### Exercise instructions
The data below should be restated word for word, pictures omitted.

### Dataset extract
========

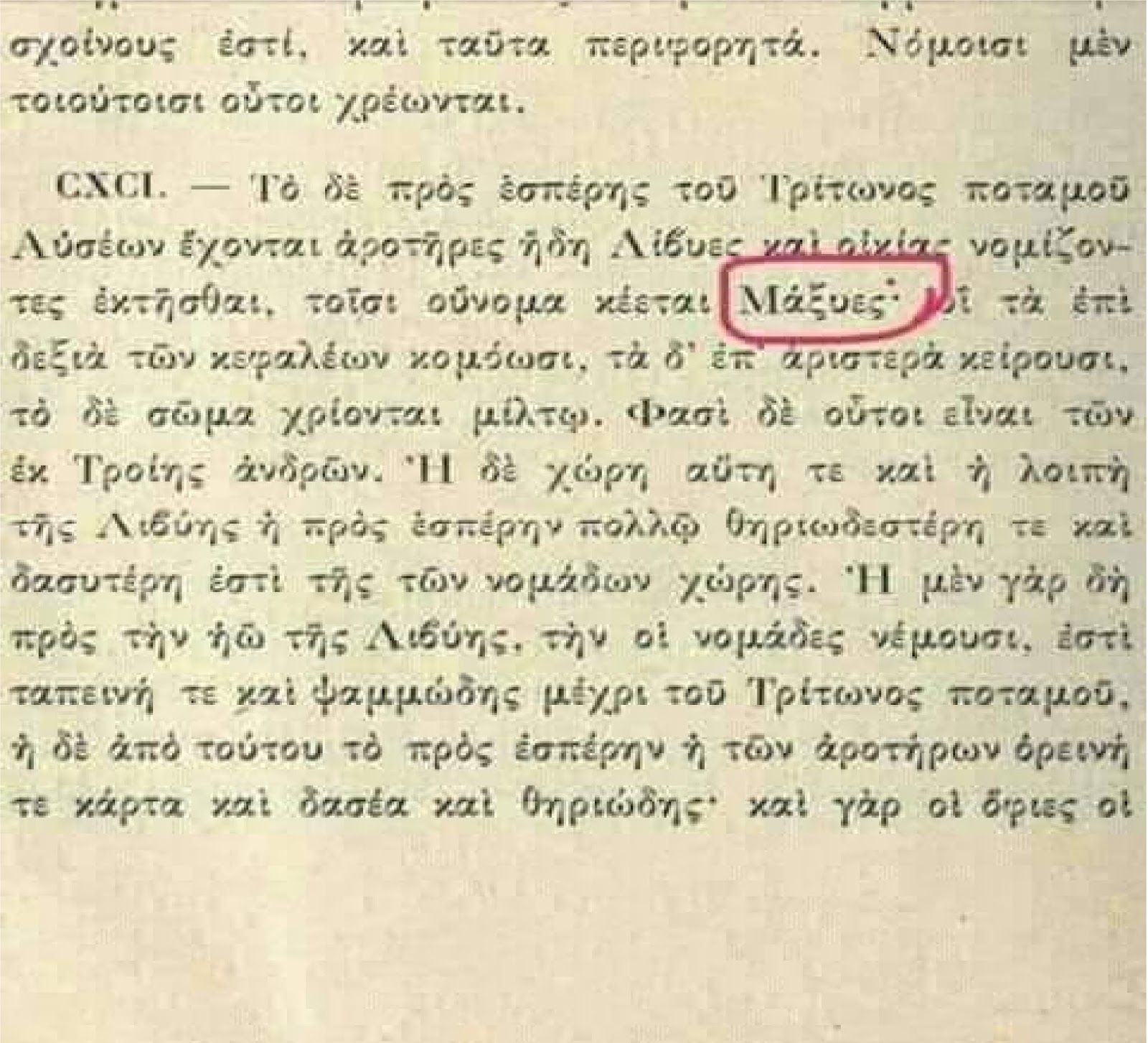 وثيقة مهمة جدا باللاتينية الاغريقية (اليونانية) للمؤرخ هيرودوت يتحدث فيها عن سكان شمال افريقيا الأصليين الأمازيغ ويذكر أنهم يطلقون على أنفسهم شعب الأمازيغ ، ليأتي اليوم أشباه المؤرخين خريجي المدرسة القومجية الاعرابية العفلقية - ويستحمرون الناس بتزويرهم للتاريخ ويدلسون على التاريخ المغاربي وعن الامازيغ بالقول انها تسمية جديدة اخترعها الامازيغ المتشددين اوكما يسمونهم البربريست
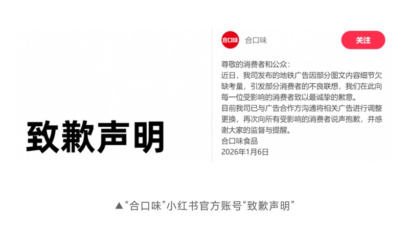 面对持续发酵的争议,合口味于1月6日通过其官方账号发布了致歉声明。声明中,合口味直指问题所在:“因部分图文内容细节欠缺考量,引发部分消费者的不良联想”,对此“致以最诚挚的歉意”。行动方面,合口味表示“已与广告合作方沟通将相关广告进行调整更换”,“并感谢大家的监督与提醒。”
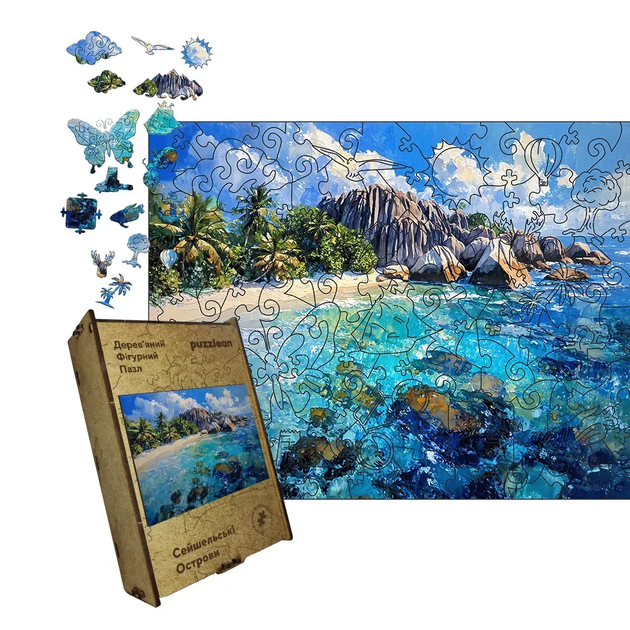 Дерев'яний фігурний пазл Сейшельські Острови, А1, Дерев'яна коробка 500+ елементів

========

### Response to the exercise
 وثيقة مهمة جدا باللاتينية الاغريقية (اليونانية) للمؤرخ هيرودوت يتحدث فيها عن سكان شمال افريقيا الأصليين الأمازيغ ويذكر أنهم يطلقون على أنفسهم شعب الأمازيغ ، ليأتي اليوم أشباه المؤرخين خريجي المدرسة القومجية الاعرابية العفلقية - ويستحمرون الناس بتزويرهم للتاريخ ويدلسون على التاريخ المغاربي وعن الامازيغ بالقول انها تسمية جديدة اخترعها الامازيغ المتشددين اوكما يسمونهم البربريست
 面对持续发酵的争议,合口味于1月6日通过其官方账号发布了致歉声明。声明中,合口味直指问题所在:“因部分图文内容细节欠缺考量,引发部分消费者的不良联想”,对此“致以最诚挚的歉意”。行动方面,合口味表示“已与广告合作方沟通将相关广告进行调整更换”,“并感谢大家的监督与提醒。”
 Дерев'яний фігурний пазл Сейшельські Острови, А1, Дерев'яна коробка 500+ елементів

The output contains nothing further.